Comme une estive pour des vaches gestantes
Ces prairies de marais constituent un milieu très acide, où rien ne pousse à part l’herbe. Celle-ci a un niveau nutritif très faible. Olivier Philippe valorise les 65 hectares dont il dispose comme une estive pour une trentaine de vaches gestantes. « Ces prairies correspondent bien à leur niveau de besoin. Elles pâturent à partir de début mai, quand l’eau a découvert le sol, et arrivent au vêlage en fin d’été avec une note d’état corporel idéale. » C’est pour pouvoir valoriser le marais que l’éleveur a organisé ses vêlages en fin d’été. Il sèvre donc les veaux en avril, ce qui lui a donné l’opportunité, avec la place en bâtiment libérée, d’engraisser des mâles vendus à 14 mois. Les parcelles de marais ne sont pas faciles à exploiter. « On travaille sur une poche d’eau. Il m’arrive encore de temps en temps d’enliser un tracteur. Les prairies sont clôturées mais parfois une vache trouve le moyen de tomber à l’eau, et il faut aller la chercher. » Olivier Philippe partage ses pâturages avec un autre éleveur qui y conduit 14 vaches. « L’aspect sanitaire n’est pas un problème dans notre fonctionnement très simple et régulier. »

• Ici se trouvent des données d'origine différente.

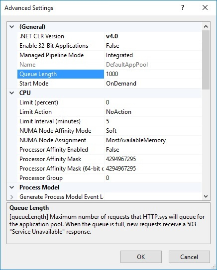 (Get-ItemProperty IIS:\AppPools\DefaultAppPool).queuelength

Un rapport alarmant sur la biodiversité mondiale
La Plateforme intergouvernementale sur la biodiversité et les services écosystémiques (IPBES) rassemble 145 experts issus de 50 pays. Début mai, elle a approuvé à Paris lors de sa 7e session plénière un rapport qui a été énormément relayé dans les médias. Le communiqué de presse, titré « un taux d’extinction des espèces sans précédent et qui s’accélère », nous dit aussi qu’il n’est pas trop tard pour agir, mais seulement si nous agissons maintenant et à tous les niveaux, du local au mondial.
En savoir plus
L’Inra de Saint-Laurent-de-la-Prée, en Charente-Maritime, est le support d’un programme intitulé Élevage - prairies - oiseaux. Une expérimentation grandeur nature est menée sur 180 hectares avec le troupeau de vaches de races Maraîchine et Charolaise de l’Inra. La gestion du système vise à améliorer la biodiversité, la qualité de l’eau et des sols, et à augmenter l’autonomie du système d’élevage. L’équipe de l’Inra suit également des éleveurs du marais mouillé des Deux-Sèvres.
Des indicateurs pour évaluer la biodiversité des systèmes d’élevage ont été définis par le Casdar Indibio, conclu en 2014. L’effet croisé des pratiques agricoles et du paysage sur la diversité des espèces floristiques et faunistiques pour trois régions étudiées. C’est à partir de ce jeu de relations qu’un modèle de prédiction de la biodiversité a été mis au point, mais surtout qu’une démarche d’évaluation Biotex a été proposée pour mieux prendre en compte la diversité des espèces dans l’espace agricole.